I've found basing each pipeline step in the workflow on a 'pre-loaded' image like this makes the deployments quite quick - under 2 mins to build and publish the site.
Automatic broken link checking #
I had imported my old posts from Tumblr some time ago but hadn't bothered to check them all for broken links (I found the broken-link-checker to be the best thing for this task). I also realised that my app.yaml
handlers where not serving some of my post attachments. After fixing this issues I thought it'd be nice to automate checking internal links before deploying.
I toyed with the idea of serving the site with one process and running the checker against it in a Link Test
wercker pipeline. After some looking around I found HTMLProofer, a gem for checking validating static HTML. With the help of a little monkey patching to sort out an encoding issue I was able to set this up as an after_build callback.
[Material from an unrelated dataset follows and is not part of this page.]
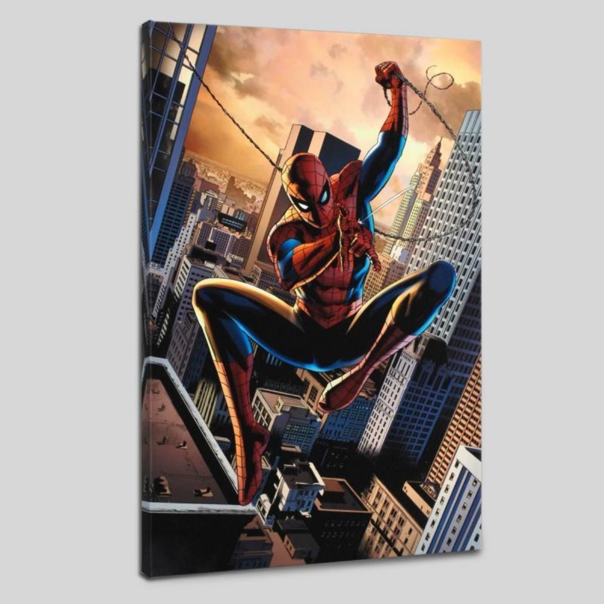 A piece of comic book history, this limited edition, from original art by Gabriele Dell'Otto, depicts an intense Spider-Man. In 1998 Dell'Otto started collaborating with the European division of Marvel Comics, producing covers, posters and lithographies for Italy, France and Germany. In 2002, his work was shown to the editor-in-chief of Marvel Comics, who entrusted to him with the art for the Secret War mini-series. "Secret War #4" is a limited edition numbered giclee on canvas by Gabriele Dell'Otto presented by Marvel Comics. This piece comes gallery wrapped. Includes Certificate of Authenticity! Measure approx. 18" x 27" (image).

Now if I try and deploy a broken link or a page that renders to invalid HTML the site won't deploy.
Live Status #
I have a task that runs every 10 mins on Heroku to update the live sections on the homepage. This is a separate repo and is basically a set of scrapers and API clients for a number of sites and services I use around the web. The task gathers all the latest data from each service and pushes the result to a json file in a storage bucket. There is also a fallback copy of the status file saved into the build directory when this site is built. This project is pretty hacked together; I'd like to make it more modular but for now it does the job. I think the live sections on the homepage are a nice feature.
Noscript Friendly #
Until this last weekend the site didn't load correctly without Javascript, shame; shame. The good news is that it now works fine. The live status panels only display in when the data's there and the page re-arranges itself. I've also opted to add turbolinks to the site as it makes switching pages faster and gracefully degrades in the absence of Javascript.
I think it's interesting to explore what we can do with a "static site" and think simple projects like this are often a place to try out new things that might be harder to justify in more involved applications.